Po pierwszej zamianie ciał rozpoczyna się seria mniej lub bardziej spodziewanych aktów przemocy, a Grafted przemienia się w kino atrakcji i zapomina o postaciach oraz głębi poruszanych problemów. Zaleta tego rozwiązania jest przynajmniej jedna – aktorzy z drugiego planu mają możliwość wykazania się przed kamerą. W końcu przyszło im zagrać najpierw swoich bohaterów, a potem Wei, udającą swoich nowo poznanych przyjaciół. Czy wszystkim to aktorskie zadanie się udaje? Nie, ale to też dodaje pewnego sznytu całości, która nie rości sobie praw bycia czymś więcej, niż jest.
Grafted miesza groteskę i kamp z dość jednoznaczną tkanką gatunkową, nawiązującą do kina Cronenberga i Takeshiego Miike. Niestety ma dużo mniej do zaoferowania pod kątem psychologii postaci. Ciekawe pomysły szybko gubią swój sens i znaczenie w odmętach krwawej jatki. To dość mocne przejście w tempie i narracji filmu może być dla części widzów zaletą, dla innych mocną wadą. Wszystko zależy od tolerancji wobec kampowych elementów, pełnych wydzielin strzykawek i odgłosów deformującej się skóry.
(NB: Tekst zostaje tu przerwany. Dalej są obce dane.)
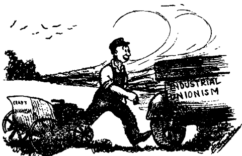
Cartoon from the International, 23 January 1920: “Industrial Unionism in South Africa demands solidarity with the Native and Coloured Striker.”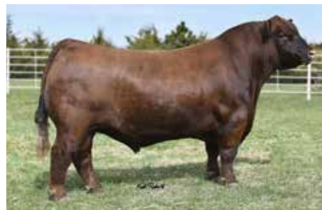
ROJAS TR CHIVAS 17109 Paternal Grand sire of Lot 39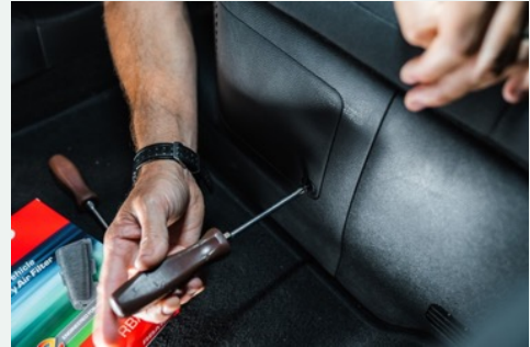
STEP 2 Using phillips head screw driver, unscrew and remove screw.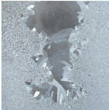
item No. Crystal-103-SOJ size W300×H300mm t1 ~ 1.2mm weight 790g material tin retail price ¥36,000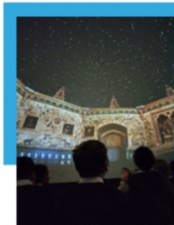
Sonning Spirituality Day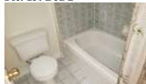
Pic. 19: 2 nd floor bath

Doceniam, że w filmie nie było za dużo naukowego bełkotu wyjaśniającego, jak przeszczepy mogą w ogóle działać. Jakim cudem po przyklejeniu plastra rana znika? Jak można nakleić sobie cudzą twarz i wyglądać dokładnie tak, jak "okradziona" z tej twarzy osoba? W tym wypadku dużo będzie zależało od indywidualnych preferencji widowni, bo dla kogoś ten brak ekspozycji może być problematyczny, a inni ucieszą się, że nikt nie marnuje czasu na zbędną paplaninę. Jestem chyba w tej drugiej grupie, bo próba wytłumaczenia tego kierowałaby nas w stronę jeszcze większej groteski, być może wręcz konwencji komiksowej. To odciągałoby widza od zamierzeń reżyserki – a te nie są wyszukane, ale za to głośne; i właśnie taka forma, mimo swojej łopatologii, spełnia swoją funkcję. Jasne, niektóre wątki łączą się ze sobą nieco za późno, ale finalna scena, wizualnie dopięta na ostatni guzik, zapada w pamięć jako udana klamra.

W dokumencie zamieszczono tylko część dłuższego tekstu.